[[ RECORD EXCERPTS, beginning ]]

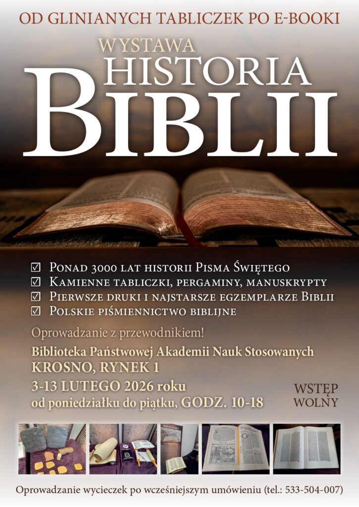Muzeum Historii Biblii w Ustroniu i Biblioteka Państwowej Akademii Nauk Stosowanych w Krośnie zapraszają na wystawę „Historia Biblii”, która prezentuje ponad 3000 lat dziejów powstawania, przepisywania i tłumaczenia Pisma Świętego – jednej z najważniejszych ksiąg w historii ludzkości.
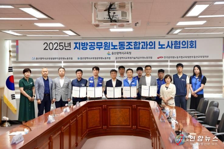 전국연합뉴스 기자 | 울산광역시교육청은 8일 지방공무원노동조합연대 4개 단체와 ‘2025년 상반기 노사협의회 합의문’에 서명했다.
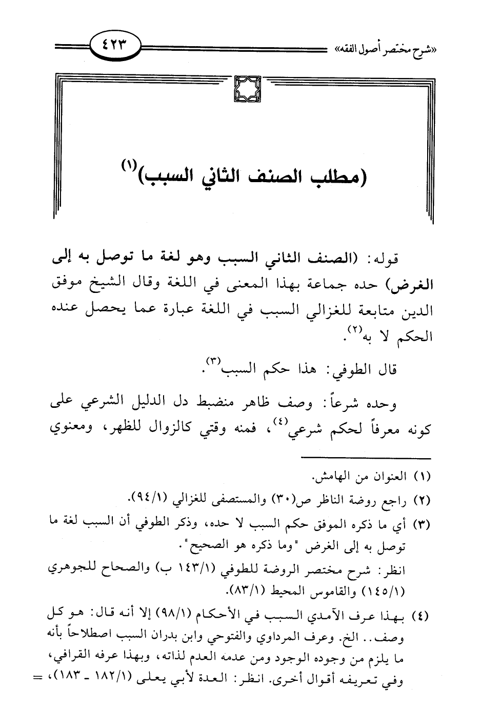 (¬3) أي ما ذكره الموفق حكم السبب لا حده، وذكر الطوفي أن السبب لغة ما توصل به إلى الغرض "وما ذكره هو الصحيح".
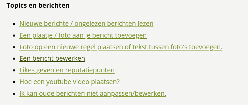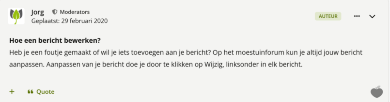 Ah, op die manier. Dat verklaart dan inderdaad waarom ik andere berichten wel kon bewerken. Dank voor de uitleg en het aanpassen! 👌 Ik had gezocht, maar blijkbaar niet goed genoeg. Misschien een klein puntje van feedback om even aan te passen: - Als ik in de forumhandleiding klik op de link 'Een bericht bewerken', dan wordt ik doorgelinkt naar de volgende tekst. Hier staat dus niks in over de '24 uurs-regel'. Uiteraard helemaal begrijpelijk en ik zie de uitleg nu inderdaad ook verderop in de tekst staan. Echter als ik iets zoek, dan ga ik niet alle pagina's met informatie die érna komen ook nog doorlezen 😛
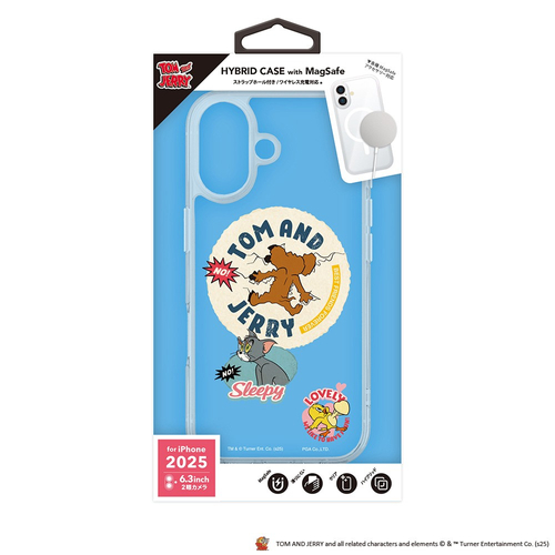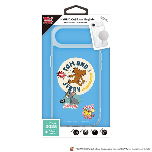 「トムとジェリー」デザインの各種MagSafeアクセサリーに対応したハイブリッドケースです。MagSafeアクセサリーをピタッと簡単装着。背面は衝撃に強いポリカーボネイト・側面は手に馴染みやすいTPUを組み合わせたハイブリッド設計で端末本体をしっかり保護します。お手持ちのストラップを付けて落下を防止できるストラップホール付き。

[[ RECORD EXCERPTS, end ]]

> [EXERCISE INSTRUCTIONS]: Leaving the pictures out, copy exactly the lines from the line that contains "(¬3) أي ما ذكره" to the last line of the data, both ends included.

> [THE COMPLETED TASK]:
 (¬3) أي ما ذكره الموفق حكم السبب لا حده، وذكر الطوفي أن السبب لغة ما توصل به إلى الغرض "وما ذكره هو الصحيح".
 Ah, op die manier. Dat verklaart dan inderdaad waarom ik andere berichten wel kon bewerken. Dank voor de uitleg en het aanpassen! 👌 Ik had gezocht, maar blijkbaar niet goed genoeg. Misschien een klein puntje van feedback om even aan te passen: - Als ik in de forumhandleiding klik op de link 'Een bericht bewerken', dan wordt ik doorgelinkt naar de volgende tekst. Hier staat dus niks in over de '24 uurs-regel'. Uiteraard helemaal begrijpelijk en ik zie de uitleg nu inderdaad ook verderop in de tekst staan. Echter als ik iets zoek, dan ga ik niet alle pagina's met informatie die érna komen ook nog doorlezen 😛
 「トムとジェリー」デザインの各種MagSafeアクセサリーに対応したハイブリッドケースです。MagSafeアクセサリーをピタッと簡単装着。背面は衝撃に強いポリカーボネイト・側面は手に馴染みやすいTPUを組み合わせたハイブリッド設計で端末本体をしっかり保護します。お手持ちのストラップを付けて落下を防止できるストラップホール付き。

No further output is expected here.